- GIVEN DATA:
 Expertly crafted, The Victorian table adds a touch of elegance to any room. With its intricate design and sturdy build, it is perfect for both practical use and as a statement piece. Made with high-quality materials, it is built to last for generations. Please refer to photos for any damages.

--

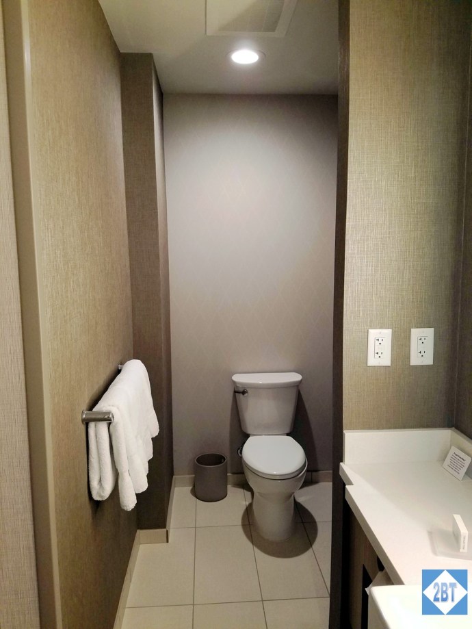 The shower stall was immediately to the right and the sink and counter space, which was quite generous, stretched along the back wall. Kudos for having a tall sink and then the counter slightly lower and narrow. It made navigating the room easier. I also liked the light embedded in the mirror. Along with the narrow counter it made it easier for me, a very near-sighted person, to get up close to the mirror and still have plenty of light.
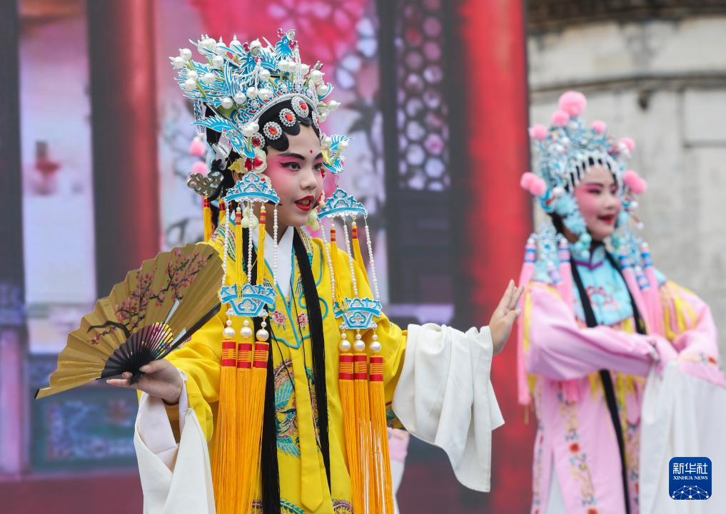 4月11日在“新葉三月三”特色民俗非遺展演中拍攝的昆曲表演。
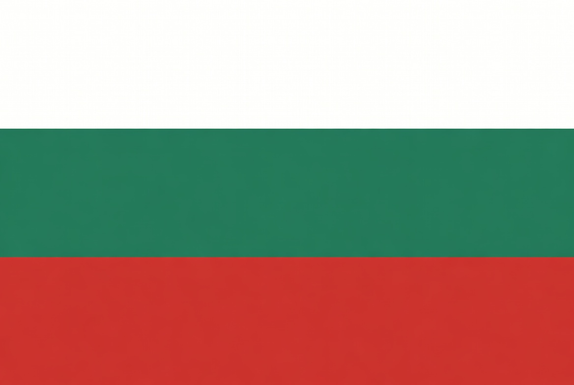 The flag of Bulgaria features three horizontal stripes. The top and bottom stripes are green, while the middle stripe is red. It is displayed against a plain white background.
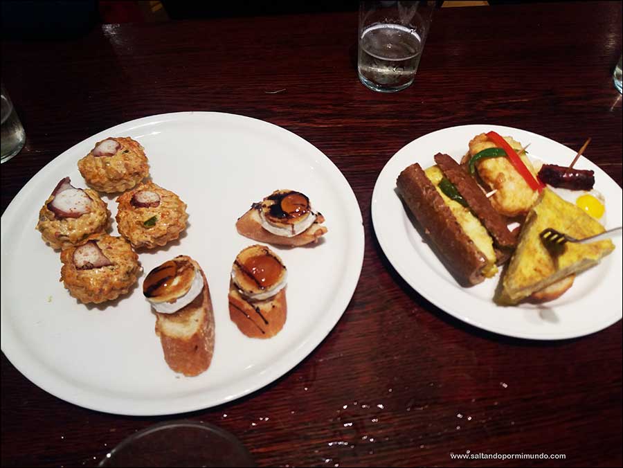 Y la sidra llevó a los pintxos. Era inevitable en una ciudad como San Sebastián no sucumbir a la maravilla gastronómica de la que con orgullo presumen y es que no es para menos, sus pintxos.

- DIRECTIONS FOR THIS TASK: Above are some records; extract exactly the lines from the one containing "The shower stall" through the one containing "Y la sidra llevó" and drop the pictures.

- OUTPUT OF THE TASK:
 The shower stall was immediately to the right and the sink and counter space, which was quite generous, stretched along the back wall. Kudos for having a tall sink and then the counter slightly lower and narrow. It made navigating the room easier. I also liked the light embedded in the mirror. Along with the narrow counter it made it easier for me, a very near-sighted person, to get up close to the mirror and still have plenty of light.
 4月11日在“新葉三月三”特色民俗非遺展演中拍攝的昆曲表演。
 The flag of Bulgaria features three horizontal stripes. The top and bottom stripes are green, while the middle stripe is red. It is displayed against a plain white background.
 Y la sidra llevó a los pintxos. Era inevitable en una ciudad como San Sebastián no sucumbir a la maravilla gastronómica de la que con orgullo presumen y es que no es para menos, sus pintxos.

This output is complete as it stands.